In the doll house 

Philly Fringe 2019: MACHO GOAT presents A Lit­er­al Doll House’

In
2 minute read
Nineteenth-century psychological drama…with dolls. Arielle Silk in ‘A Literal Doll House.’ (Photo by Michelle Nugent.)
Nineteenth-century psychological drama…with dolls. Arielle Silk in ‘A Literal Doll House.’ (Photo by Michelle Nugent.)

A Literal Doll House is a new twist on Ibsen’s A Doll’s House, developed by MACHO GOAT for this year’s Fringe. At the center of Harrison Stengele’s adaptation is performer Arielle Silk, portraying the five main characters—Nora Helmer, her husband Torvald, their neighbor Dr. Rank, Krogstad, and Nora’s childhood friend Kristine—as porcelain dolls maneuvering around the titular set piece.

Hello, Helmers

A Literal Doll House preserves the story of Nora, a seemingly flighty housewife whose apparently sunny disposition and childlike glee belies a cunning mind. In Nora’s late-19th-century Norway, where women cannot secure money or property under their own name, she has resorted to forgery to secure a loan to save her husband’s life when he was ill.

Virtually no one in Nora’s life takes her seriously—her husband remains blissfully unaware of his wife’s deception and views her as little more than a plaything; her childhood friend sees her as a sheltered coquette. But into the den of her domestic bliss crashes Krogstad, the man who holds her debt and threatens to expose her. Only he can see through Nora’s cheery façade to the shrewd woman beneath.

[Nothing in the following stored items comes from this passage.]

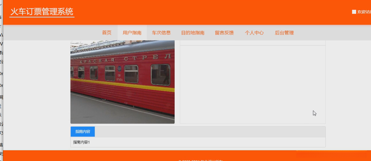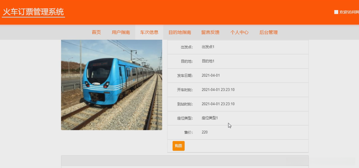 The train booking management system under study employs a current popular B / S architecture, leveraging Java technology and MySQL database for its development and design. This system grants users varying levels of access, including both regular users and administrators. For administrators, the available functions are: home page, personal center, user management, user guide management, seat type management, seat information management, ticket purchasing information management, refund information management, destination guide management, message board management, administrator management, and system-wide operations. Regular users have access to: home page, personal center, ticket purchasing information management, refund information management, and front-page views. Additionally available functions include home page views for updates on travel information; user guides for navigation instructions; ticket booking details; destination guidance; customer feedback mechanisms; personal center tracking; background monitoring; and other auxiliary services. Extensive testing has confirmed the system's stable performance with an easy-to-use interface that is both fast and efficient. It offers comprehensive functionality while maintaining high security standards and demonstrates excellent scalability and maintainability for the train booking management system
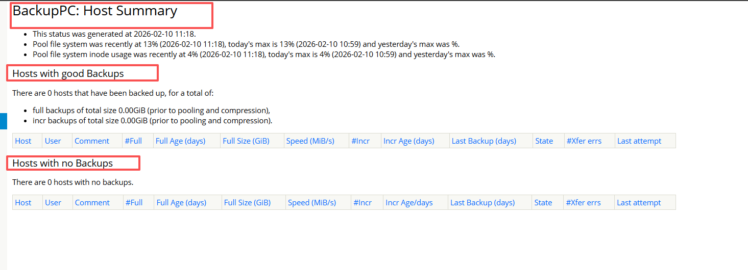 这是 BackupPC 的主机备份汇总页(Host Summary),核心作用是让管理员快速掌握所有被管理主机的备份状态、备份历史和服务器资源占用情况,从而评估备份策略的执行效果并识别潜在风险。
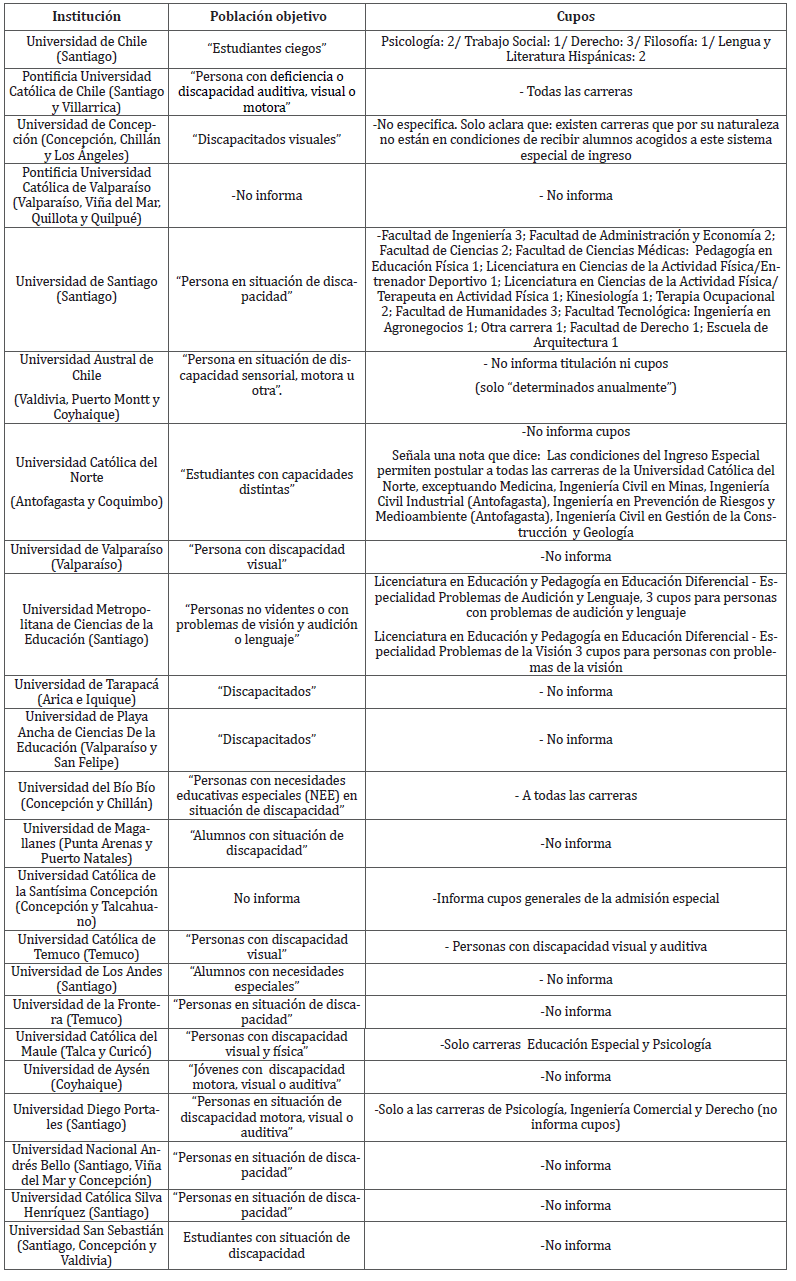En la tabla 1 (ver al final del documento) se presentan las universidades que, a septiembre de 2017, declararon contar con procesos de admisión especial para personas con discapacidad (DEMRE, 2017); señalaron si esta admisión pone condiciones según el tipo de discapacidad y si las bases para postular están disponibles en los portales.
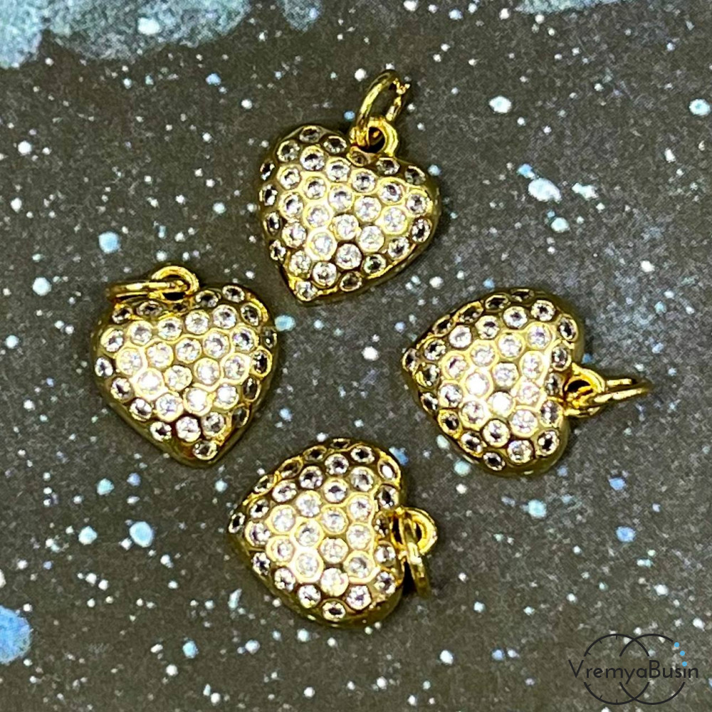 Подвеска «Сердце», 12х11 мм, из латуни с позолотой и фианитами (1 шт.)
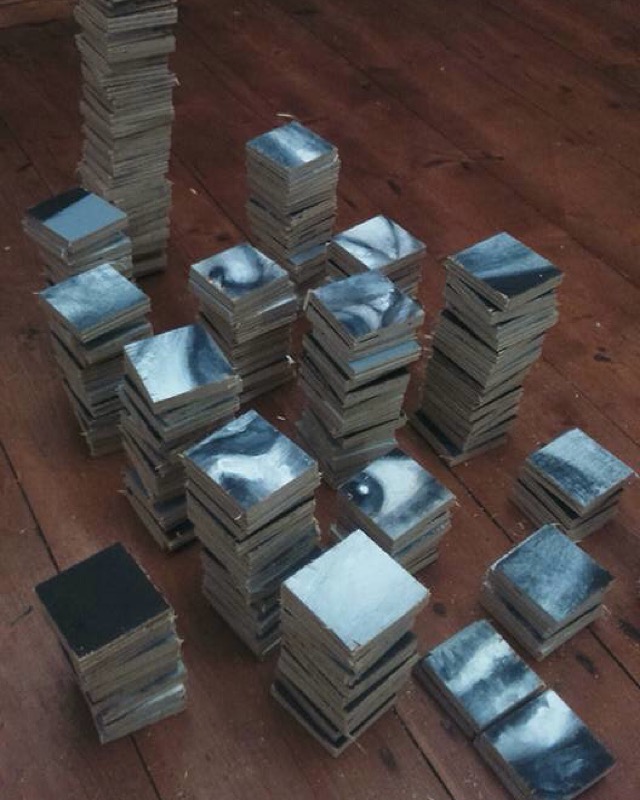 Part of George’s experiments with light and dark – acrylic paint on birch board then cut up into squares and recombined… for me the work also works when stacked…
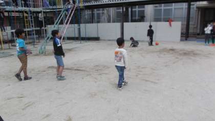 4くみ,教室に6年生の子ども達が来てくれました。中間休みは運動場で元気に遊んでいます。
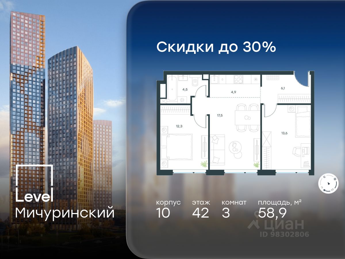 продам 3-к, Левел Мичуринский ЖК, 1034 167 835 ₽
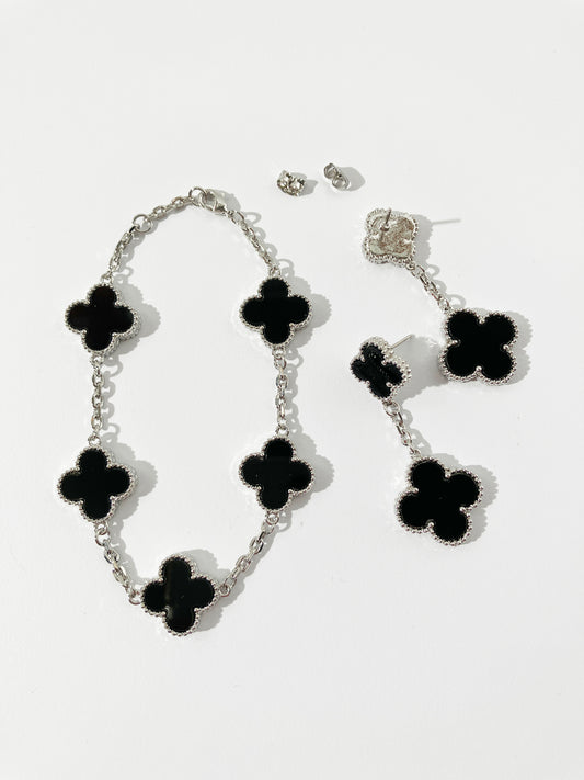Quatrefoil Motif Silver and Onyx Demi Parure
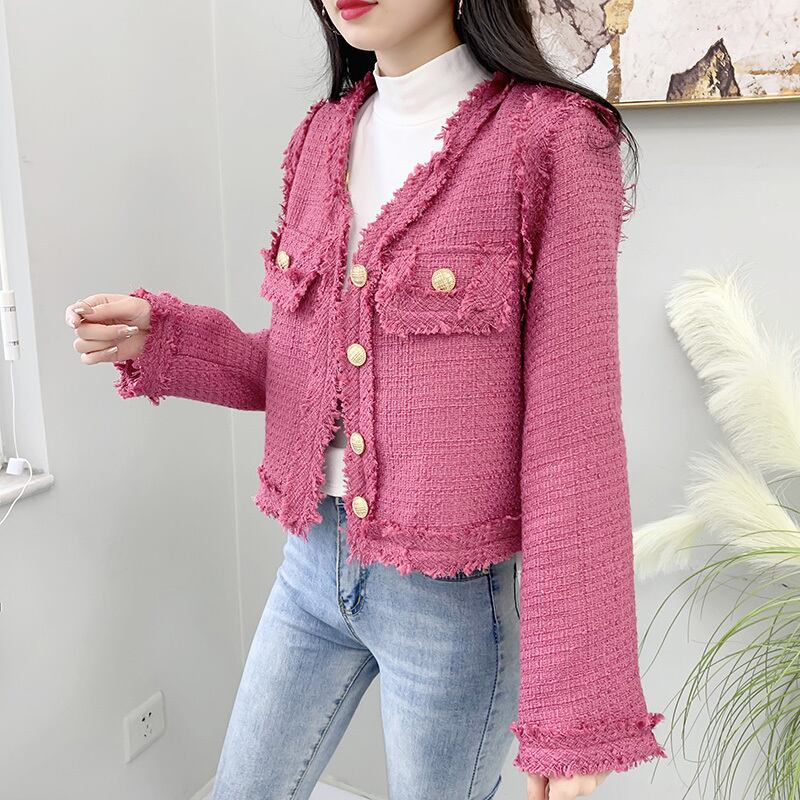 ジャケット レディース アウター 上着 ツイードジャケット ショート丈 袖あり 長袖 Vネック 襟なし 前開き 薄手 かわいい きれいめ 大人 おしゃれ レトロ 大人可愛い 大人女子 ラブリー フォーマル 甘辛 無地 秋 冬 入学式 謝恩会 結婚式 二次会 披露宴 クリスマス バレンタイン 20代 30代 レディース 女性用 ママ デート お出かけ 女子会 お泊まり 休日 パーティー イベント ホテル レストラン 着回し 重ね着 ファッション コーデ S M L ビビットピンク 送料無料
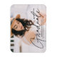 Comemore o formando com nosso ímã de graduação em foto na moda. O ímã de graduação exibe a foto do formando com "Formando" em uma cobertura preta de script de caligrafia moderna. Personalize o ímã de graduação moderno adicionando o nome do formando, o nome da escola e o ano de graduação. O design é perfeito para segundos graus e formandos universitários.
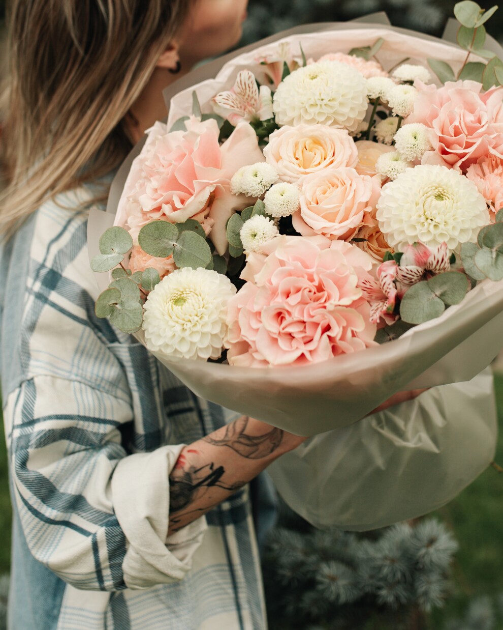 Природа живая и уникальная, поэтому создать два абсолютно одинаковых букета невозможно. Оттенки и форма цветов могут немного отличаться от фото, но мы гарантируем, что сохраним гамму, стиль и основной состав вашего букета
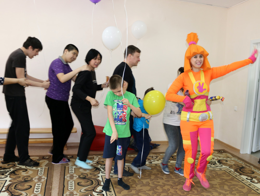 А представители профсоюзного центра области, а также организации, объединяющей работников культуры, спорта, туризма и СМИ, навестили детей в реабилитационном центре и устроили для них настоящий праздник с шарами, фруктами и настоящими героями из мультфильмов.
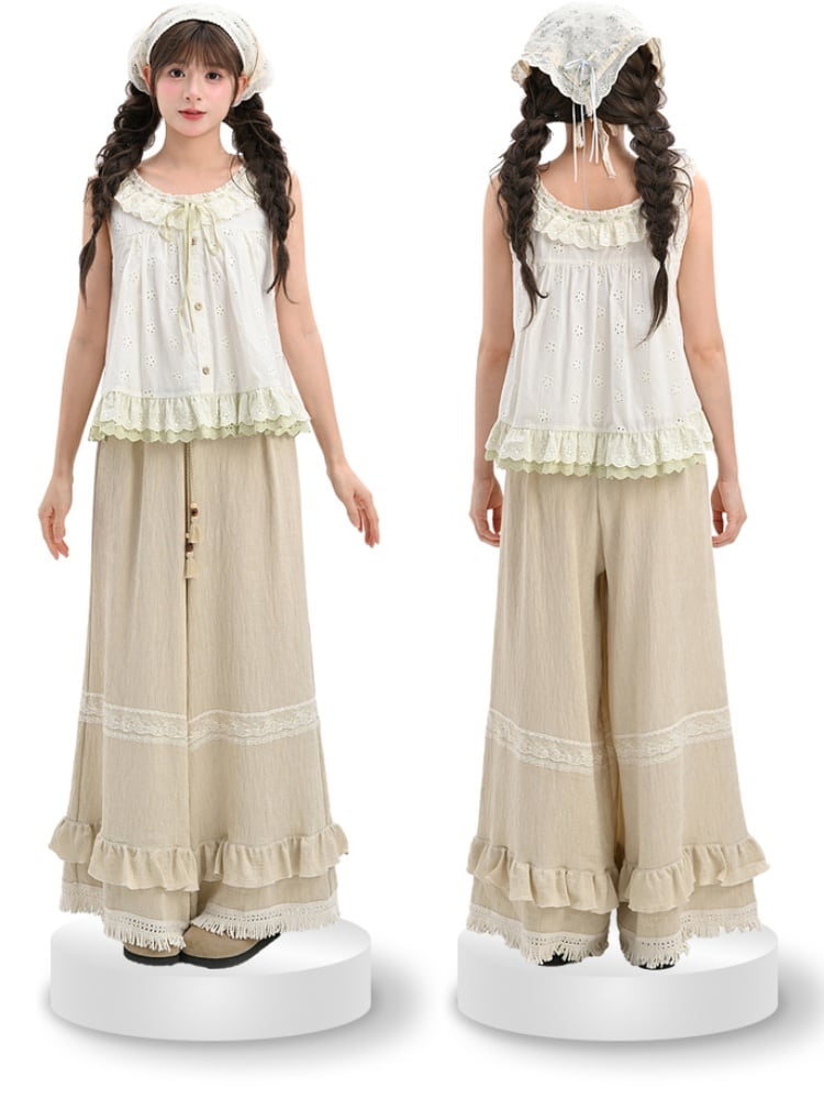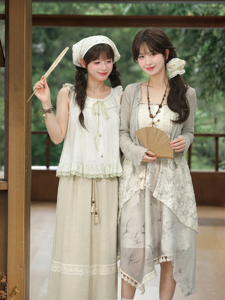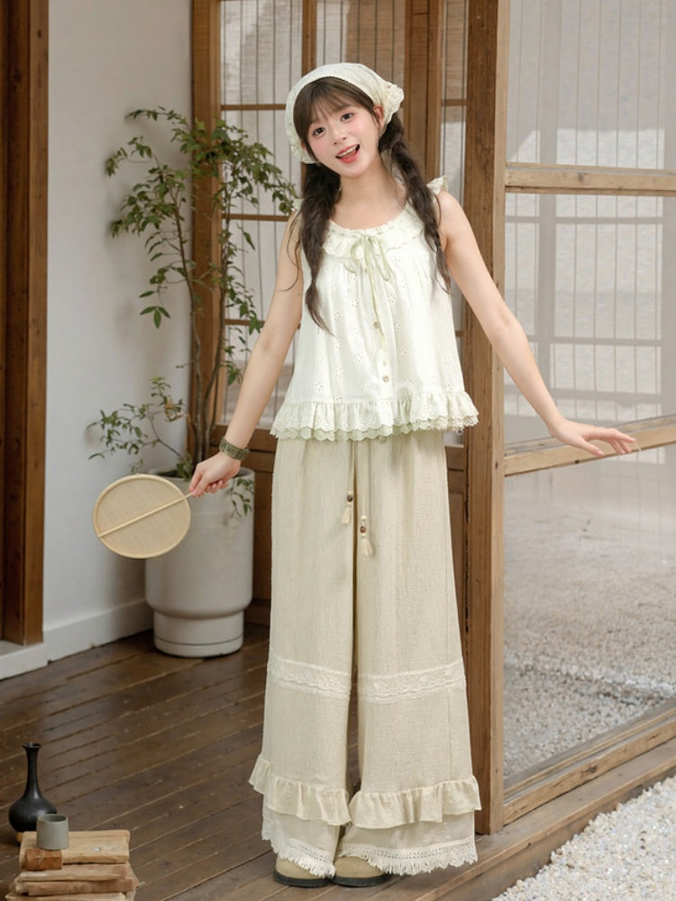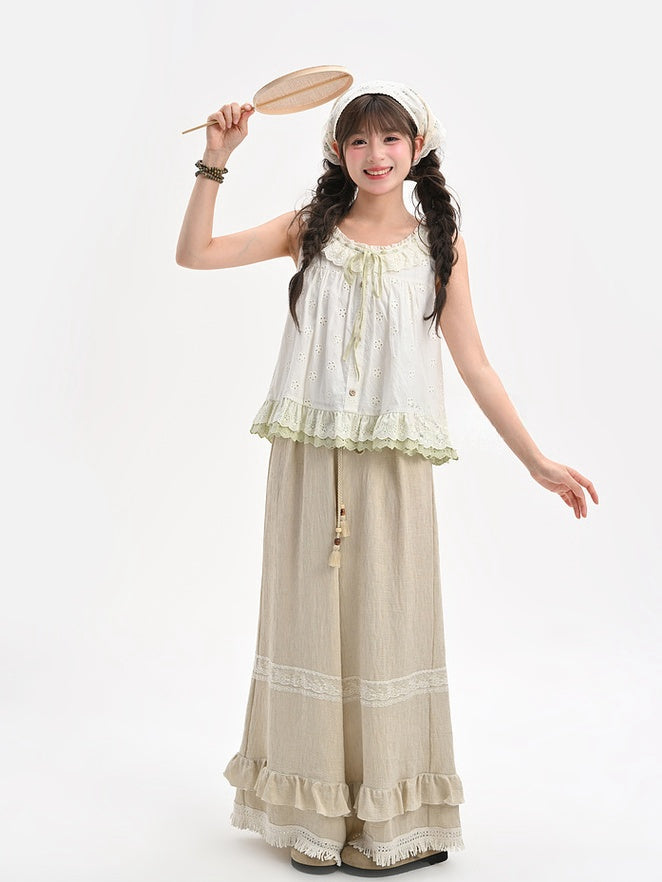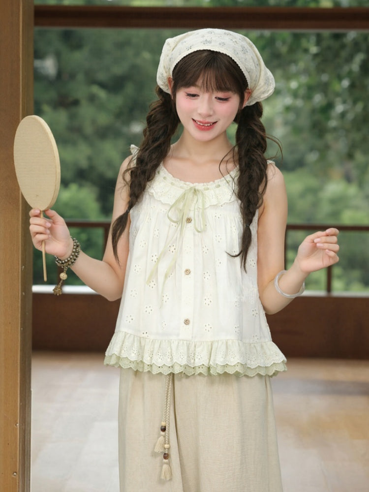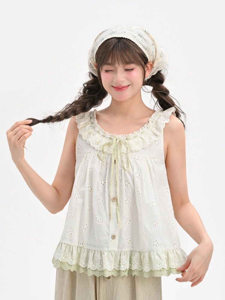 Grünes Cutton-Tanktop mit Flatterärmeln, gestuften Rüschen und selbstbindendem Riemen am Ausschnitt

In an unusual portrayal of a now-familiar story, Silk gives a fluid and captivating performance, imbuing each doll with a distinct voice, personality, and purpose, changing the mood of every scene with a twist of her mouth or quirk of her eyebrow. She’s dressed to match her porcelain counterparts, in pigtails and a peach pinafore, looking for all the world like a Victorian child at play. Silk’s co-star, Tim Irvine, intercuts her playtime with a silent, ominous presence.

The reckoning

A Literal Doll House is an almost word-for-word reproduction of Ibsen’s original script, save for the fact that all scenes not featuring Nora have been excised, which becomes notable in the final scene. When the Helmers must finally come to a reckoning in their marriage, the playtime pretense is stripped away. Irvine becomes Torvald himself, by turns a patronizing and pathetic creature. Silk abandons her doll guise and fully embodies Nora in the play’s most emotional scene, retroactively turning the onstage doll house into a traumatized Nora’s therapeutic attempt to make sense of her blackmail, and the dissolution of her marriage. The tension as the two confront each other cuts to the quick of the audience.

Gone is the happy, brilliant bride, and with her the benevolently sexist, of-his-time husband. In their place are a woman made of steely resolve and a man broken to his core. But at least one of them has hope for a redemptive future.

The only quibble with this production is that the venue isn’t wheelchair-accessible. Such a fantastic Doll’s House analysis deserves the widest possible audience, and maybe accessibility could have been considered as much as the aesthetic.

What, When, Where

A Literal Doll House. Based on A Doll’s House by Henrik Ibsen, directed by Harrison Stengele. Through September 22, 2019 at a private Philadelphia residence. (215) 413-1318 or fringearts.com.

This venue has limited accessibility and the production employs flashing lights.